Natural Language Processing

Converting an AWD-LSTM language model into a transfer learning classifier, as we did in <>, follows a very similar process to what we did with cnn_learner in the first section of this chapter. We do not need a “meta” dictionary in this case, because we do not have such a variety of architectures to support in the body. All we need to do is select the stacked RNN for the encoder in the language model, which is a single PyTorch module. This encoder will provide an activation for every word of the input, because a language model needs to output a prediction for every next word.

To create a classifier from this we use an approach described in the ULMFiT paper as “BPTT for Text Classification (BPT3C)”:

: We divide the document into fixed-length batches of size b. At the beginning of each batch, the model is initialized with the final state of the previous batch; we keep track of the hidden states for mean and max-pooling; gradients are back-propagated to the batches whose hidden states contributed to the final prediction. In practice, we use variable length backpropagation sequences.

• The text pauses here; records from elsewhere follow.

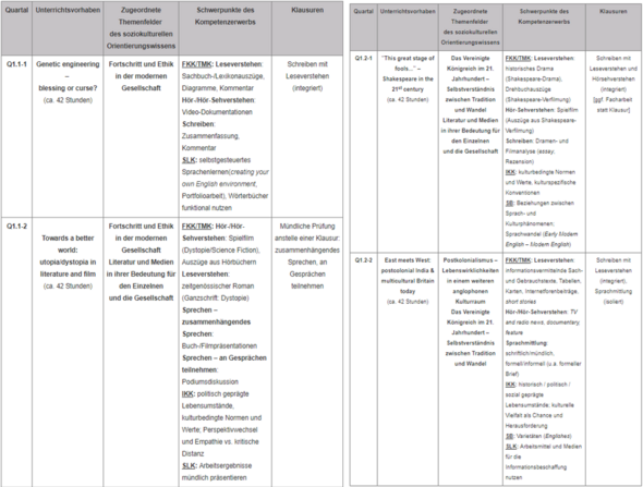 Schulinternes Curriculum Im Fach Englisch Pdf Kostenfreier Download
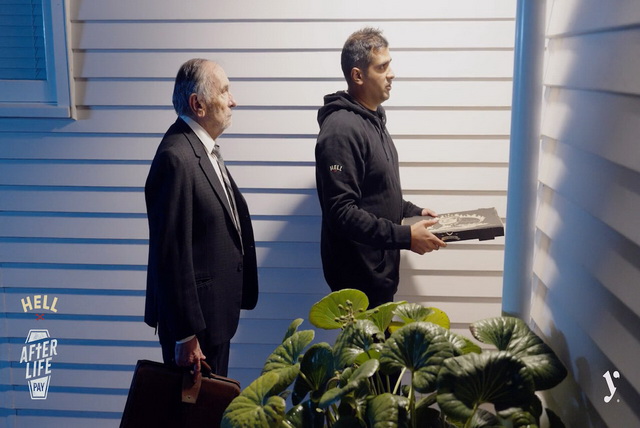 موقع تحویل پیتزا به مشتریانی که آنقدر خوششانس بوده و توانستهاند در این طرح ثبتنام کنند، وکیلی با تحویلدهنده پیتزا به درب منزل مشتری رفته و با او قرارداد رسمی «پرداخت پس از مرگ» را می بندد.
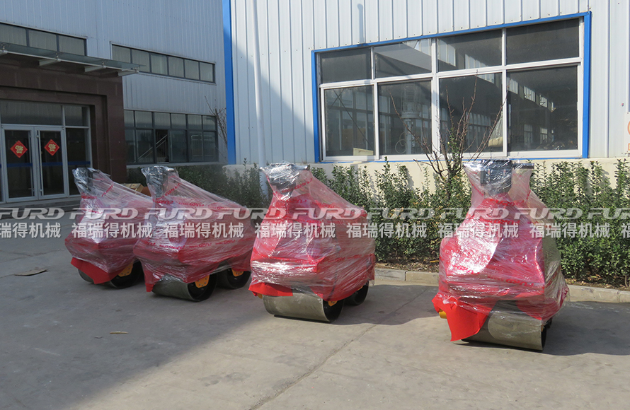 3月12日,福瑞得机械将广州客户一周前订购的4台手扶双轮压路机打包发出。
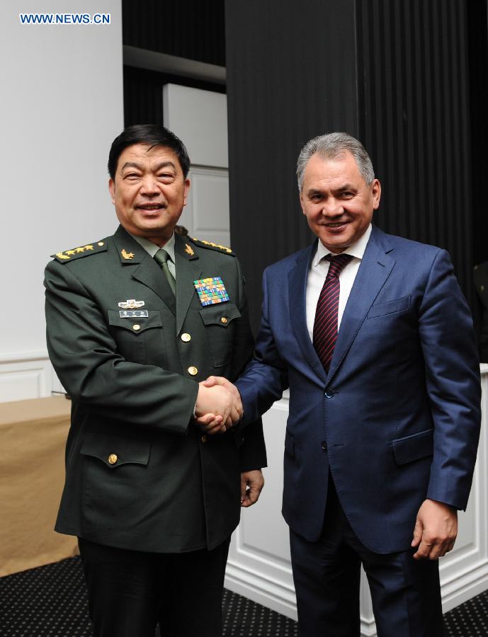 Chinese State Councilor and Defense Minister Chang Wanquan (L) meets with Russian Defence Minister Sergei Shoigu attending the 4th Moscow International Security Conference inRussia, on April 16, 2015. (Xinhua/Dai Tianfang)
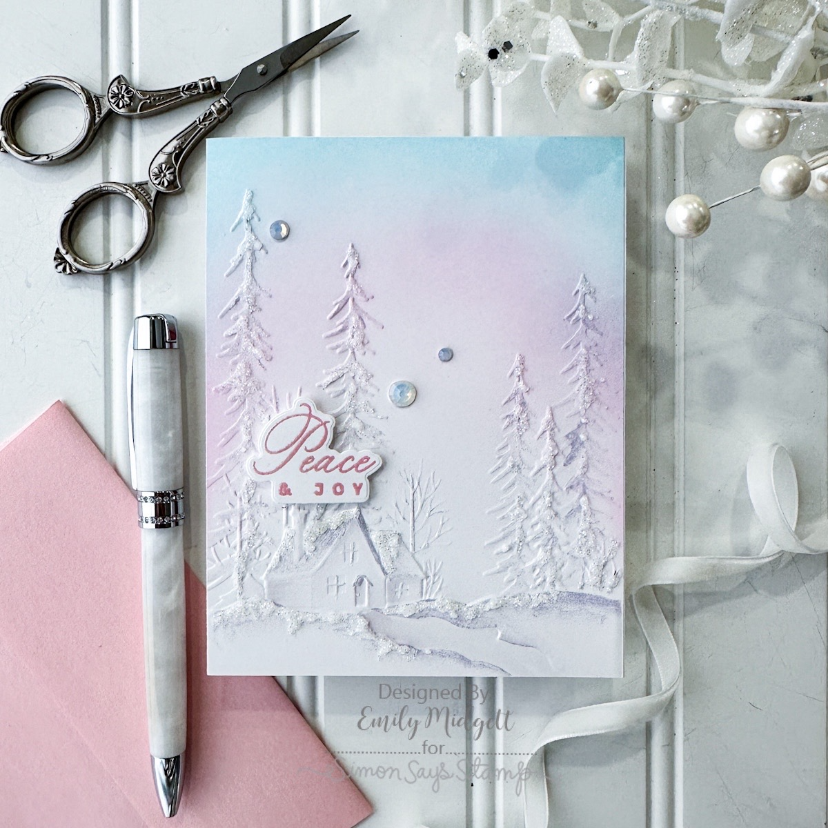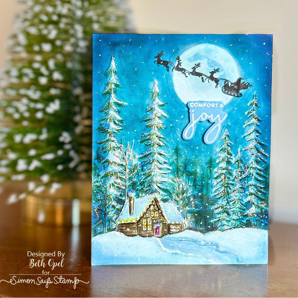 The Simon Says Stamp Wooded Cabin embossing folder creates a beautifully textured panel featuring a serene log cabin nestled in snowy woods, surrounded by pine trees. This detailed design brings the peaceful charm of a winter forest to your holiday and winter-themed projects, adding depth and dimension to your cards, scrapbooks, and home decor.

In other words, the classifier contains a for loop, which loops over each batch of a sequence. The state is maintained across batches, and the activations of each batch are stored. At the end, we use the same average and max concatenated pooling trick that we use for computer vision models—but this time, we do not pool over CNN grid cells, but over RNN sequences.

For this for loop we need to gather our data in batches, but each text needs to be treated separately, as they each have their own labels. However, it’s very likely that those texts won’t all be of the same length, which means we won’t be able to put them all in the same array, like we did with the language model.

That’s where padding is going to help: when grabbing a bunch of texts, we determine the one with the greatest length, then we fill the ones that are shorter with a special token called xxpad. To avoid extreme cases where we have a text with 2,000 tokens in the same batch as a text with 10 tokens (so a lot of padding, and a lot of wasted computation), we alter the randomness by making sure texts of comparable size are put together. The texts will still be in a somewhat random order for the training set (for the validation set we can simply sort them by order of length), but not completely so.

This is done automatically behind the scenes by the fastai library when creating our DataLoaders.